FarAway I got my DD a couple of really good books that were recommended on another thread - Bullies, Big Mouths and So Called Friends, and A Smart Girl's Guide.... both seem to very good a explaining different types of beahviuor and starategies for dealing with it. Or I tell her to do what my DD1 used to do - tell said 'friend' that you are going to the toilet and just don't go back!

FarAwayHills · 18/05/2016 16:05

Thanks for the recommendations sunlover I will have a look at those books for DD.

Also love the toilet strategy Grin

DixieNormas · 18/05/2016 17:07

This reply has been deleted

Message withdrawn at poster's request.

pilates · 18/05/2016 17:27

Op, get it sorted through the school and not direct with the mum, it always ends badly. Encourage other friendships and give your DD coping mechanisms, i.e; walking away if she is in a situation she is not comfortable with/reporting hitting and unkind behaviour to her teacher.

Not sure it's a good idea to let her to go to the summer party after you have told them to keep away. It's not nice to use OG just for the summer party. She either needs to be her friend or not.

With regard to the mum, again, just be polite but very distant.

As others have said you really need to sort yourself out as you have many years of friendship problems and believe me they are a minefield.

DiggersRest · 18/05/2016 17:39

OP if your gut is saying stay away from OG and her mum then please do! MN is full of "what are you teaching your dc" posters, but you're teaching your dd to not put up with this shit.

You've done exactly what l would have done and no way would l let my dd go to OG party. They are 4 ffs! If a dm can't protect her dd from what sounds like a not-very-nice friendship at this age when is it ok? When her bf is treating her like shit and being obsessive and dd is putting up with it? Hmm

Branleuse · 18/05/2016 17:43

theyre 4 ffs. Just let her choose her own friends and stop micromanaging.

YouTheCat · 18/05/2016 17:51

But the OG isn't allowing the OP's dd to choose her own friendships. I see this kind of behaviour quite often. I always speak to the clingy child and tell them that the other child is allowed to play with who they want and try to direct them towards games with groups of friends rather than singling out another victim child.

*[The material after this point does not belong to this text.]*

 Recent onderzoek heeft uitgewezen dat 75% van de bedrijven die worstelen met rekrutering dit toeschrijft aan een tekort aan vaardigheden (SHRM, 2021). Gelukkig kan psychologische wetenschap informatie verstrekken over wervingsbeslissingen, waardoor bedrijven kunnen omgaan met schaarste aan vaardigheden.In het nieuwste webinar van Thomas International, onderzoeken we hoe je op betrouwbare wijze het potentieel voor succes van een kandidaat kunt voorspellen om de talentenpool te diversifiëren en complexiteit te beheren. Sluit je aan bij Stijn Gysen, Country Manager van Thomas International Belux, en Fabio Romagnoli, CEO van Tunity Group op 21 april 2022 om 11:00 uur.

DiggersRest · 18/05/2016 17:59

The OG is hitting OP dd, should she just ignore that?

Franimal · 18/05/2016 21:54

Thanks chariotsofire, littlegreendragon and daddad at least there are some people who get it and is reassuring. Ok so I didn't have time to post everything that has happened. Including texts, mum hanging around us, we have had playdates in the past; in fact coming to our house and not leaving for hours (most playdates last 2 hours she stayed for 7 hours so I have not invited since). In fact their childminder told me they had behaved in a similar manner to other friends and fell at with them as a result. There's so much more than what's written here...
And when you read bullying websites avoidance is actually one of the advised strategies fyi. My last post on the matter.

OP posts:
Kariana · 18/05/2016 22:42

Not sure it's a good idea to let her to go to the summer party after you have told them to keep away. It's not nice to use OG just for the summer party. She either needs to be her friend or not.

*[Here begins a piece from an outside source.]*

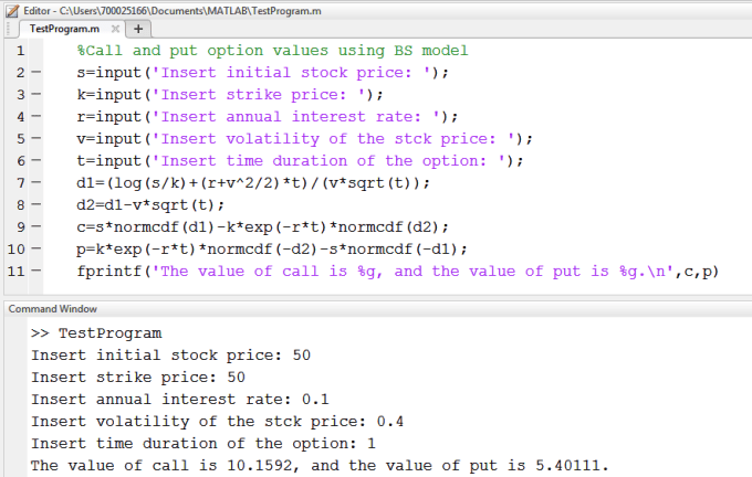 Write a script file where the program ask user to insert stock price, strike, interest rate, volatility, and time. And it should display the European style call and put option values in the style,

I think this is the main point here and I'm surprised at all the comments which have ignored it. I'm sure there is a lot more to this as you say and it does sound like it stems from insecurity on the part of the other mum and her daughter. I think though that you need to speak to your daughter about why she is not going to the party. It sounds like she is being lured by the bouncy castle and idea of a party when usually she would want nothing to do with the girl. It's fine for her not to want anything to do with her and it's fine for you to keep her away but I do think you should have a serious chat with your daughter about not using people if she doesn't like them or want to be friends (obviously phrased differently as appropriate to her age). You shouldn't allow her to go to the party on this basis alone.